如何基于GPU使用量实现GCP AI Platform Unified自动扩缩容？

阿华AIGC实验室

2026-4-29

Great question—this is a common gotcha with Vertex AI (formerly AI Platform Unified) prediction services when using GPUs. The default autoscaling logic prioritizes CPU utilization, which can leave you stuck with maxed-out GPUs but no new nodes spinning up. Here's how to set up GPU-based autoscaling to fix this:

Solution: GPU-Driven Autoscaling for Vertex AI Predictions

Step 1: Confirm GPU Metrics Are Being Tracked
Vertex AI automatically exports GPU utilization metrics to Cloud Monitoring once you deploy a GPU-backed prediction service. The key metric you’ll use is aiplatform.googleapis.com/prediction/accelerator/utilization. You can verify this exists by checking the Cloud Console’s Monitoring > Metrics Explorer and filtering for that metric name.

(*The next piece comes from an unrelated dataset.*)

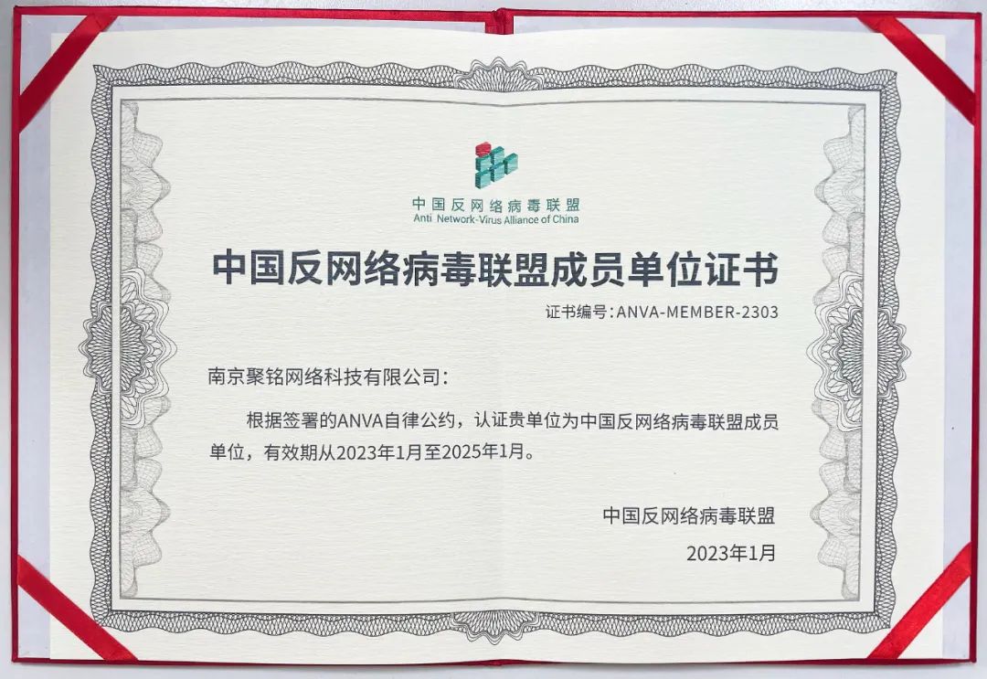 近日,聚铭网络凭借强劲的技术实力和产品优势,被认证为中国反网络病毒联盟(以下简称“ANVA联盟”)成员单位。作为国内领先的安全运营商,聚铭网络一直致力于网络安全智能分析和检测,提供全面的信息安全防护,维护网络环境的安全与稳定。
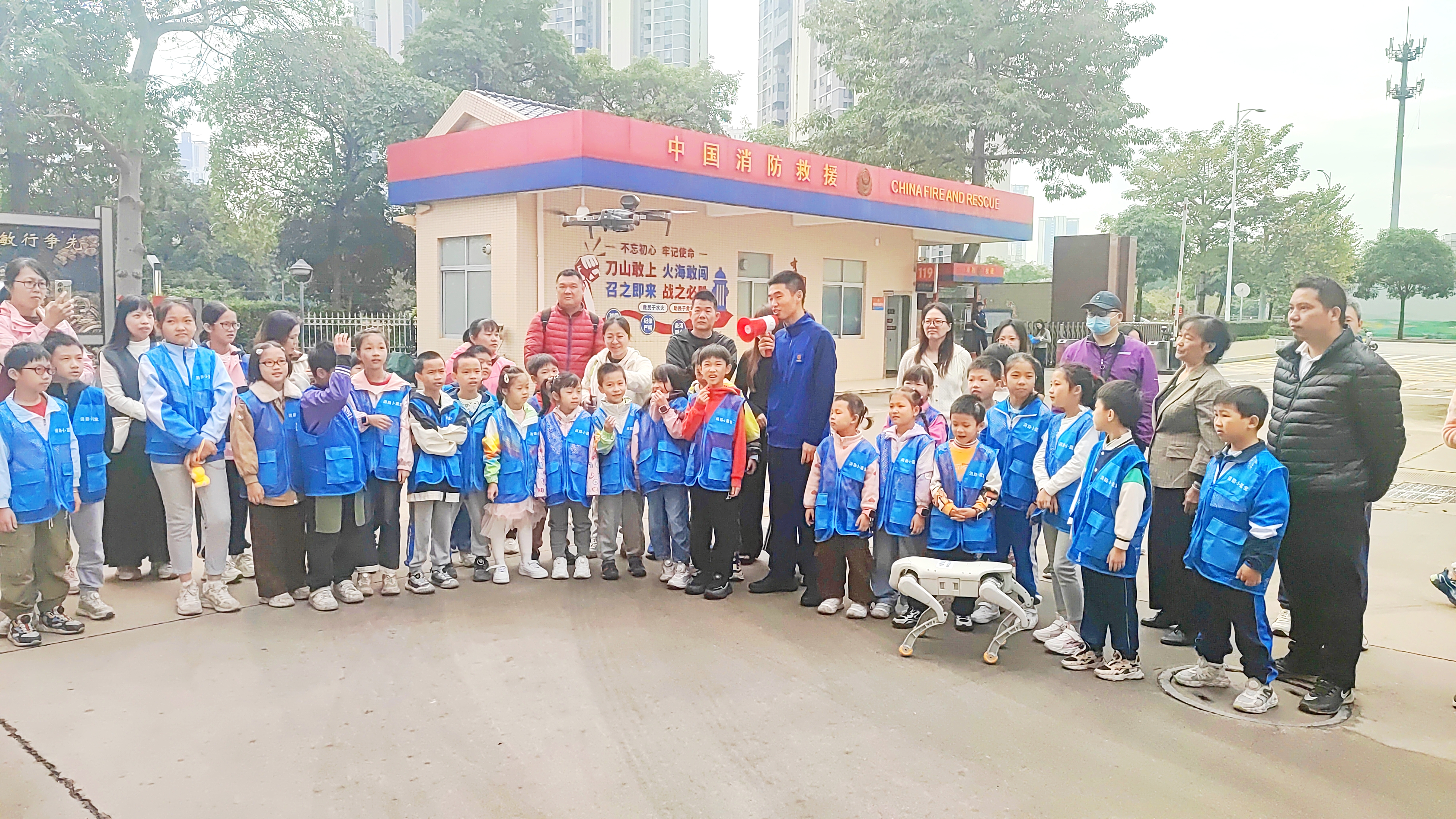 智能机器狗灵活演示,无人机高空精准侦查……11月14日上午,一场融合科技与实战的“消防小蓝宝 安全我知晓”——2025年禅城区亲子秋假安全研学活动在环湖消防救援站开展。

Step 2: Deploy a Custom Horizontal Pod Autoscaler (HPA)
The default autoscaling policy doesn’t use GPU metrics, so you’ll need to define a custom HPA that targets GPU utilization. Create a YAML file (e.g., gpu-autoscaler.yaml) with the following configuration, then apply it with kubectl apply -f gpu-autoscaler.yaml:

apiVersion: autoscaling/v2beta2
kind: HorizontalPodAutoscaler
metadata:
  name: gpu-prediction-autoscaler
  namespace: <your-namespace> # Usually "default" unless you set a custom one
spec:
  scaleTargetRef:
    apiVersion: apps/v1
    kind: Deployment
    name: <your-prediction-deployment> # Get this via `kubectl get deployments`
  minReplicas: 1
  maxReplicas: 10 # Adjust to match your GPU quota and workload needs
  metrics:
  - type: Pods
    pods:
      metric:
        name: aiplatform.googleapis.com/prediction/accelerator/utilization
      target:
        type: AverageValue
        averageValue: 70 # Target GPU utilization percentage (tweak as needed)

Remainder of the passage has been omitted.